• _What to produce_
The records below are to be reproduced exactly, with the pictures left out.

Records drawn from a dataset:
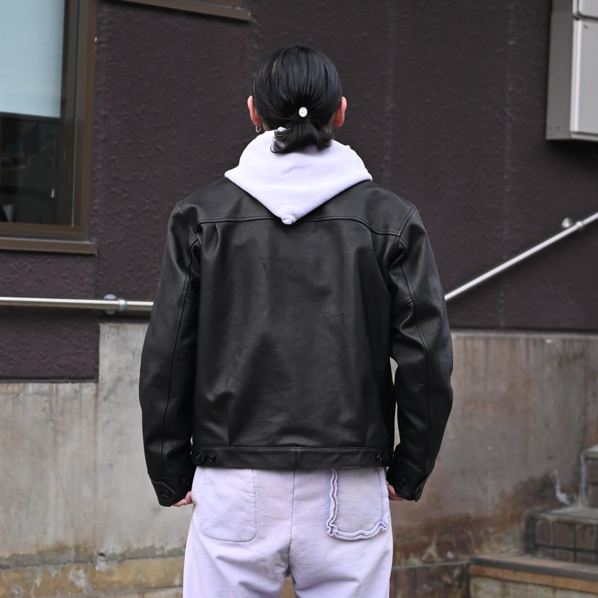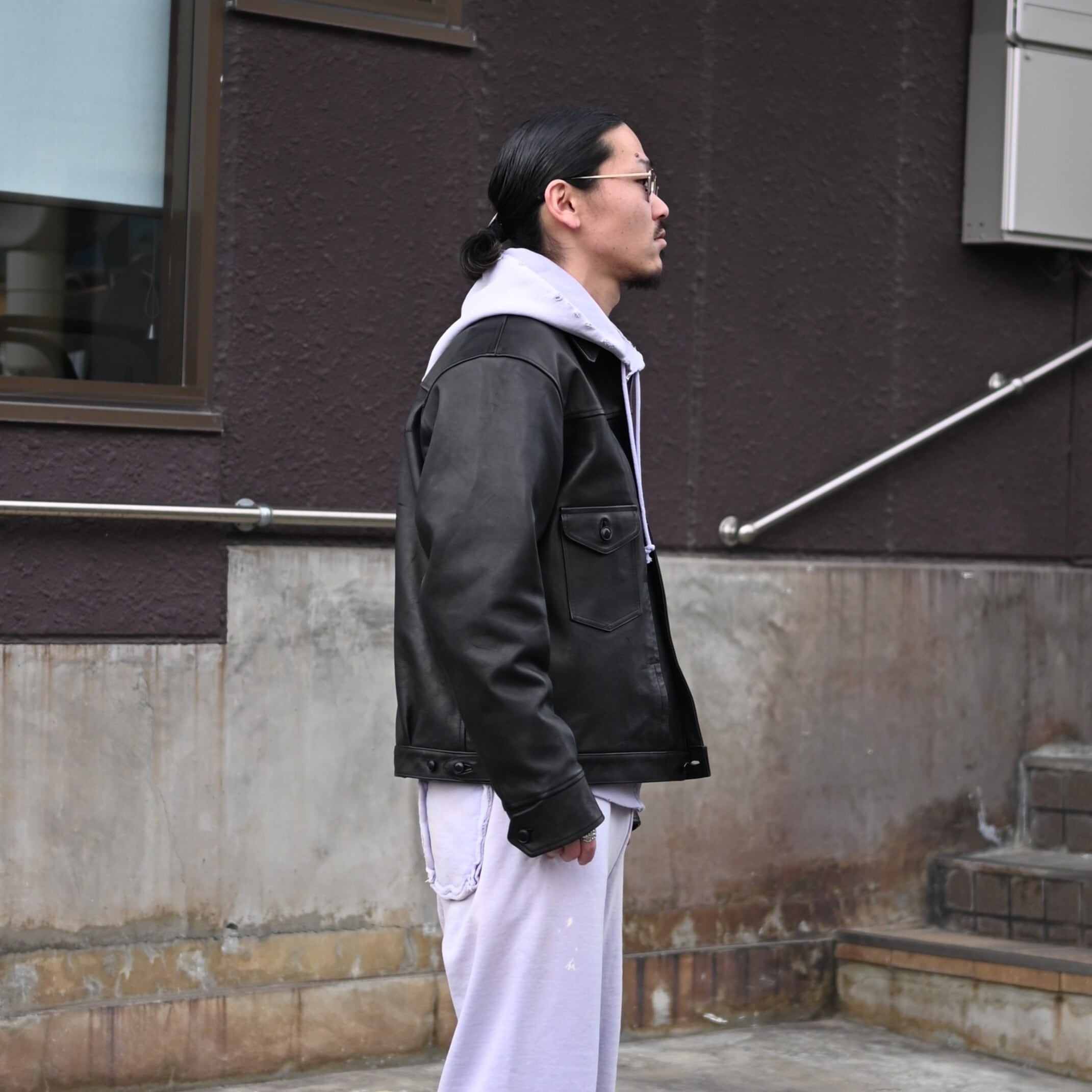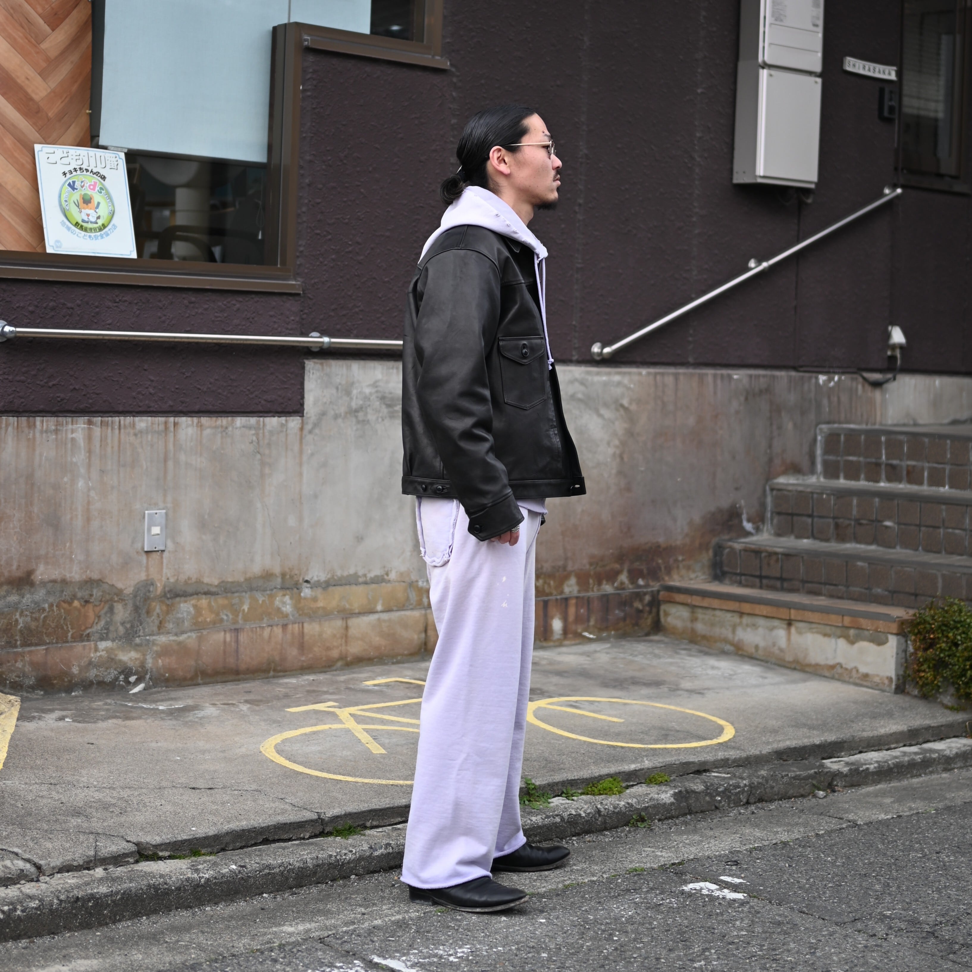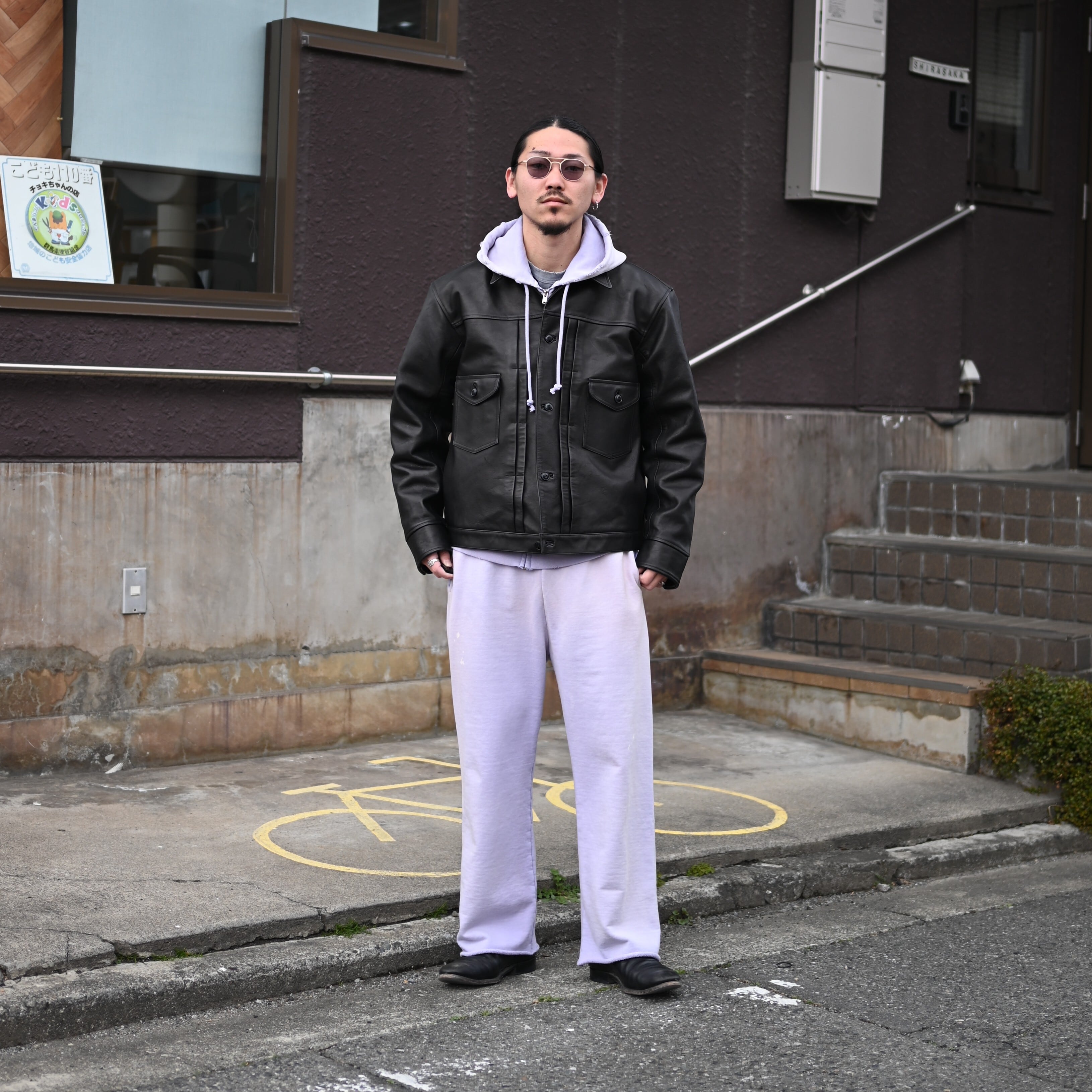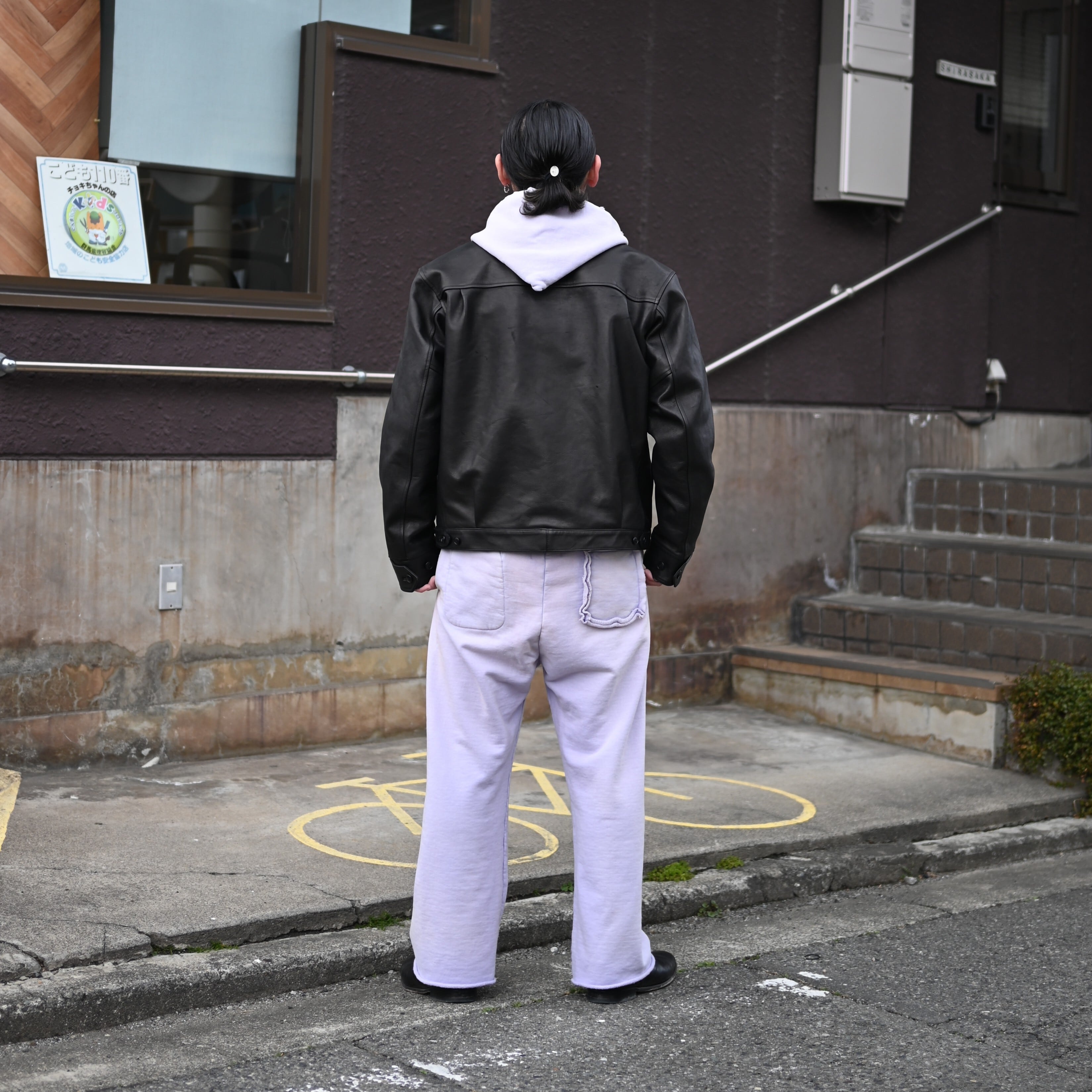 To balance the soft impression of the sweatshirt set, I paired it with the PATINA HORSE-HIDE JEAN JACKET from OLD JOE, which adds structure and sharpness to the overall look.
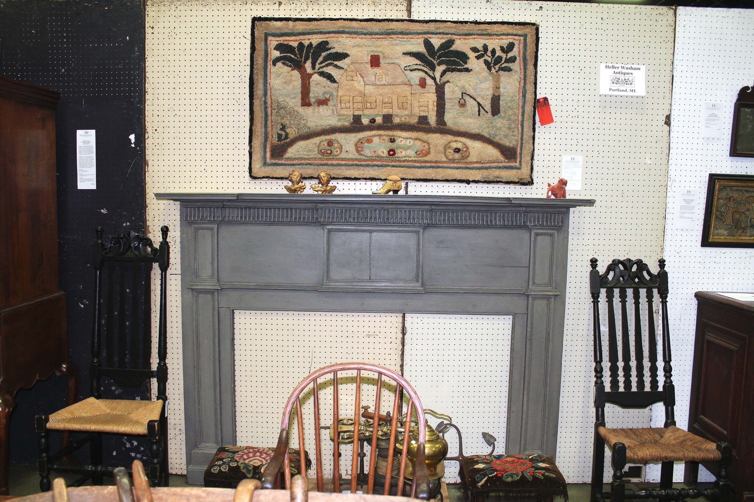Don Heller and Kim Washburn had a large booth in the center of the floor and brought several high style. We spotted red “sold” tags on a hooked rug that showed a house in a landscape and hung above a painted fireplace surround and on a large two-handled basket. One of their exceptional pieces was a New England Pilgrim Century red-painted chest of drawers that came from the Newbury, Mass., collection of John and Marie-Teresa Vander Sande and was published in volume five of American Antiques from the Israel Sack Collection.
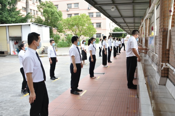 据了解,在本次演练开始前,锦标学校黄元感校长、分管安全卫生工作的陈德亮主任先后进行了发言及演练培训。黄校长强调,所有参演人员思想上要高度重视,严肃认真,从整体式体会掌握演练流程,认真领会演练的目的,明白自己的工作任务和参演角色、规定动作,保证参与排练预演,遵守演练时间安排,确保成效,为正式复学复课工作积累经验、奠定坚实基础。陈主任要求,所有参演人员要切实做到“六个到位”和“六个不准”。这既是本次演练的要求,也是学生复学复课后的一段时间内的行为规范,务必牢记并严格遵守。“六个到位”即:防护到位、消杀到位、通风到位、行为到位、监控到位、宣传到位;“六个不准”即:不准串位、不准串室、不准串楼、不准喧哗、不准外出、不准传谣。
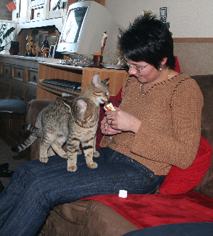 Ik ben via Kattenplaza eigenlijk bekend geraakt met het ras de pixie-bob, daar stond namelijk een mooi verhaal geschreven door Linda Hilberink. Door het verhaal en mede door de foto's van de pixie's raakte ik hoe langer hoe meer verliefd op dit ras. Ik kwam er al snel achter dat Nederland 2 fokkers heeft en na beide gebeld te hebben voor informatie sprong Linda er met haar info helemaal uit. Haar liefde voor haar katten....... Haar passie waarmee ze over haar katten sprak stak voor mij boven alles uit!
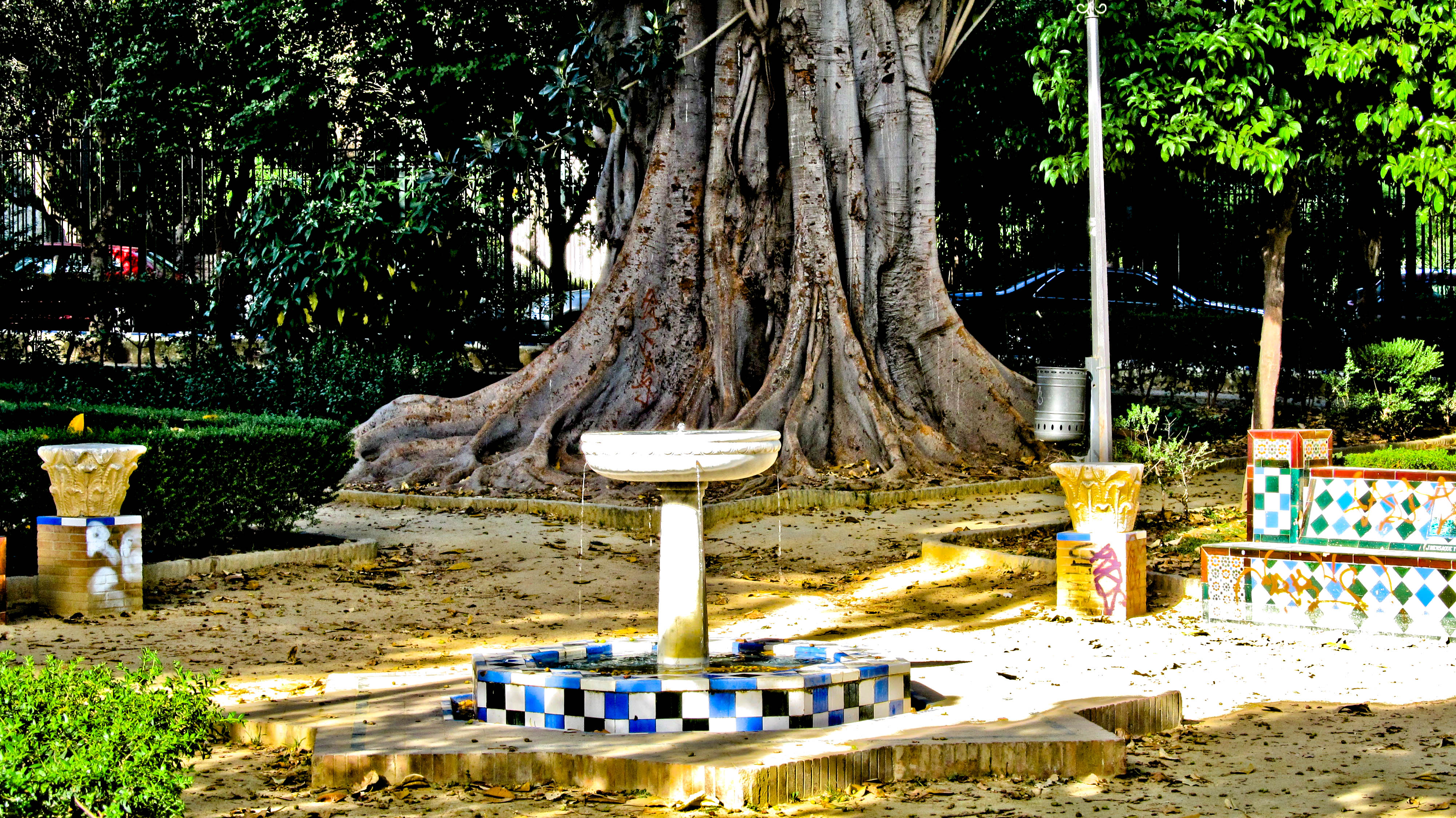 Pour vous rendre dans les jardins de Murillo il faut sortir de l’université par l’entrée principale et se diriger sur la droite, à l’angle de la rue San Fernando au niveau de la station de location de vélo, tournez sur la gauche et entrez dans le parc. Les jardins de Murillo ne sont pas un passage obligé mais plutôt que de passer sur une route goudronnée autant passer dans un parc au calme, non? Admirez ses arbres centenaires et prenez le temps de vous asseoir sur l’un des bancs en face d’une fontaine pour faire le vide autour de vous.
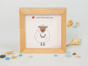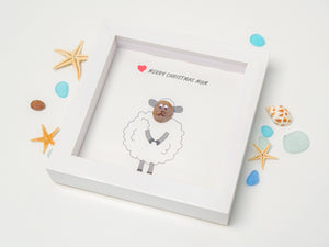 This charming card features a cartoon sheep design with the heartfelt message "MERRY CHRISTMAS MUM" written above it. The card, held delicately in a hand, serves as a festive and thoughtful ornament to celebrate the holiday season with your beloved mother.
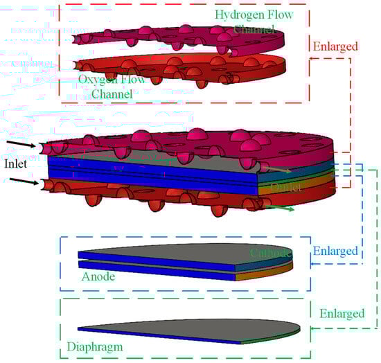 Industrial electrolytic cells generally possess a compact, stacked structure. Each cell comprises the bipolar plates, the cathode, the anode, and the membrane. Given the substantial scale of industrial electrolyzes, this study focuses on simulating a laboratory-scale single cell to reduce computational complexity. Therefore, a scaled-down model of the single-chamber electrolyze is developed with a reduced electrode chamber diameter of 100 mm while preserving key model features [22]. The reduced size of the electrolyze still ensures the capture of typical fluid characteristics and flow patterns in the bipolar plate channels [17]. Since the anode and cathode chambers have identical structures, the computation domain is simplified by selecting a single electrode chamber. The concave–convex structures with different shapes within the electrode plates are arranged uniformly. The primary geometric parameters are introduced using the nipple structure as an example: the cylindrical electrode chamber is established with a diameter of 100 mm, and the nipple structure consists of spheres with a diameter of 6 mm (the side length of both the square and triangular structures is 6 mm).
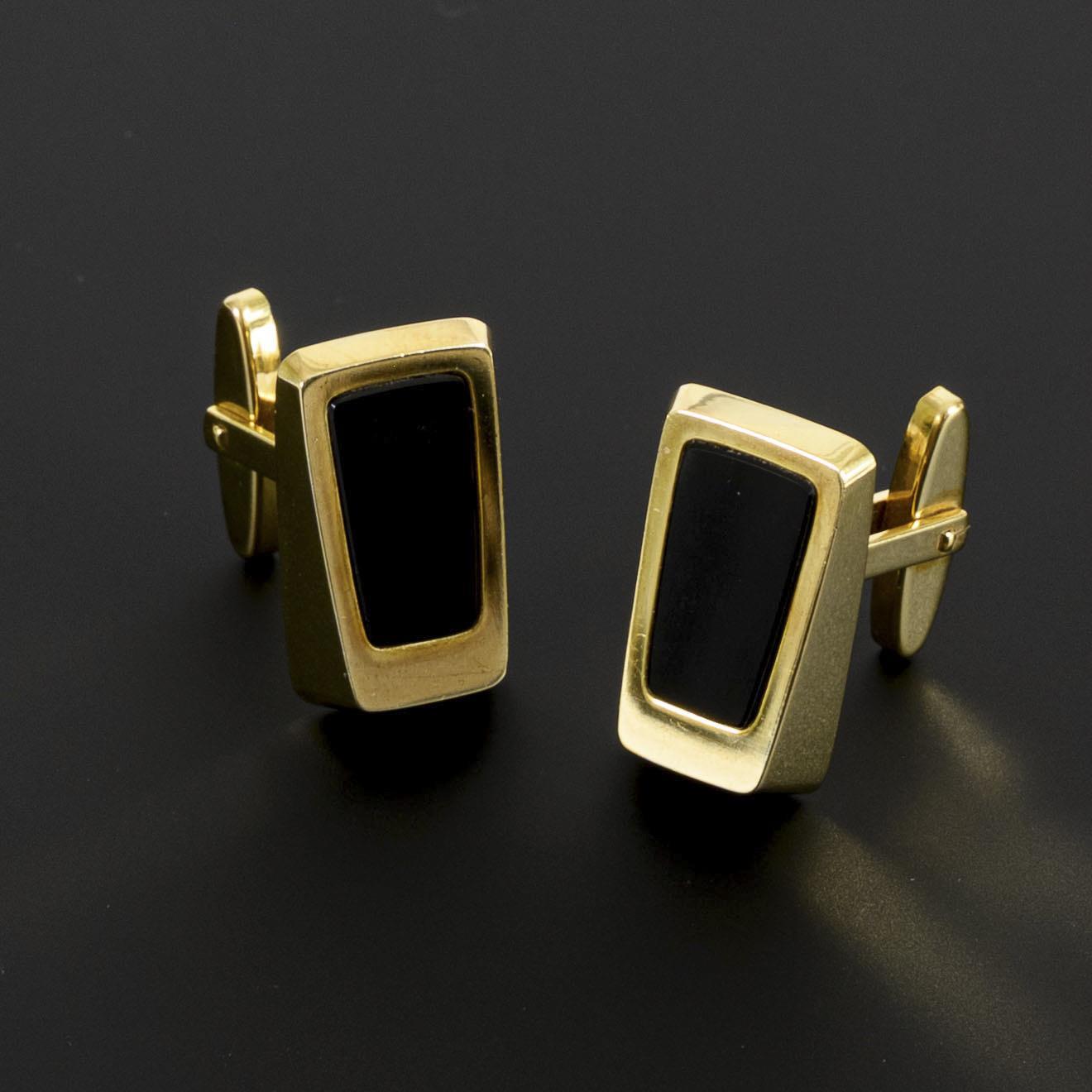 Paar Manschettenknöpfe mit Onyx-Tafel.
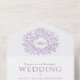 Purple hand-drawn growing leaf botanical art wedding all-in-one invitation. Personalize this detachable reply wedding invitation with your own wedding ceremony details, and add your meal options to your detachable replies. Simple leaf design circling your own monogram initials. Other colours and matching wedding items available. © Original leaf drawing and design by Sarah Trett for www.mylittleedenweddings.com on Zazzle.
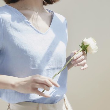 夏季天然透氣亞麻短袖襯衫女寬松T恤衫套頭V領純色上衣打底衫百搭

• _Output for this task_
 To balance the soft impression of the sweatshirt set, I paired it with the PATINA HORSE-HIDE JEAN JACKET from OLD JOE, which adds structure and sharpness to the overall look.
Don Heller and Kim Washburn had a large booth in the center of the floor and brought several high style. We spotted red “sold” tags on a hooked rug that showed a house in a landscape and hung above a painted fireplace surround and on a large two-handled basket. One of their exceptional pieces was a New England Pilgrim Century red-painted chest of drawers that came from the Newbury, Mass., collection of John and Marie-Teresa Vander Sande and was published in volume five of American Antiques from the Israel Sack Collection.
 据了解,在本次演练开始前,锦标学校黄元感校长、分管安全卫生工作的陈德亮主任先后进行了发言及演练培训。黄校长强调,所有参演人员思想上要高度重视,严肃认真,从整体式体会掌握演练流程,认真领会演练的目的,明白自己的工作任务和参演角色、规定动作,保证参与排练预演,遵守演练时间安排,确保成效,为正式复学复课工作积累经验、奠定坚实基础。陈主任要求,所有参演人员要切实做到“六个到位”和“六个不准”。这既是本次演练的要求,也是学生复学复课后的一段时间内的行为规范,务必牢记并严格遵守。“六个到位”即:防护到位、消杀到位、通风到位、行为到位、监控到位、宣传到位;“六个不准”即:不准串位、不准串室、不准串楼、不准喧哗、不准外出、不准传谣。
 Ik ben via Kattenplaza eigenlijk bekend geraakt met het ras de pixie-bob, daar stond namelijk een mooi verhaal geschreven door Linda Hilberink. Door het verhaal en mede door de foto's van de pixie's raakte ik hoe langer hoe meer verliefd op dit ras. Ik kwam er al snel achter dat Nederland 2 fokkers heeft en na beide gebeld te hebben voor informatie sprong Linda er met haar info helemaal uit. Haar liefde voor haar katten....... Haar passie waarmee ze over haar katten sprak stak voor mij boven alles uit!
 Pour vous rendre dans les jardins de Murillo il faut sortir de l’université par l’entrée principale et se diriger sur la droite, à l’angle de la rue San Fernando au niveau de la station de location de vélo, tournez sur la gauche et entrez dans le parc. Les jardins de Murillo ne sont pas un passage obligé mais plutôt que de passer sur une route goudronnée autant passer dans un parc au calme, non? Admirez ses arbres centenaires et prenez le temps de vous asseoir sur l’un des bancs en face d’une fontaine pour faire le vide autour de vous.
 This charming card features a cartoon sheep design with the heartfelt message "MERRY CHRISTMAS MUM" written above it. The card, held delicately in a hand, serves as a festive and thoughtful ornament to celebrate the holiday season with your beloved mother.
 Industrial electrolytic cells generally possess a compact, stacked structure. Each cell comprises the bipolar plates, the cathode, the anode, and the membrane. Given the substantial scale of industrial electrolyzes, this study focuses on simulating a laboratory-scale single cell to reduce computational complexity. Therefore, a scaled-down model of the single-chamber electrolyze is developed with a reduced electrode chamber diameter of 100 mm while preserving key model features [22]. The reduced size of the electrolyze still ensures the capture of typical fluid characteristics and flow patterns in the bipolar plate channels [17]. Since the anode and cathode chambers have identical structures, the computation domain is simplified by selecting a single electrode chamber. The concave–convex structures with different shapes within the electrode plates are arranged uniformly. The primary geometric parameters are introduced using the nipple structure as an example: the cylindrical electrode chamber is established with a diameter of 100 mm, and the nipple structure consists of spheres with a diameter of 6 mm (the side length of both the square and triangular structures is 6 mm).
 Paar Manschettenknöpfe mit Onyx-Tafel.
 Purple hand-drawn growing leaf botanical art wedding all-in-one invitation. Personalize this detachable reply wedding invitation with your own wedding ceremony details, and add your meal options to your detachable replies. Simple leaf design circling your own monogram initials. Other colours and matching wedding items available. © Original leaf drawing and design by Sarah Trett for www.mylittleedenweddings.com on Zazzle.
 夏季天然透氣亞麻短袖襯衫女寬松T恤衫套頭V領純色上衣打底衫百搭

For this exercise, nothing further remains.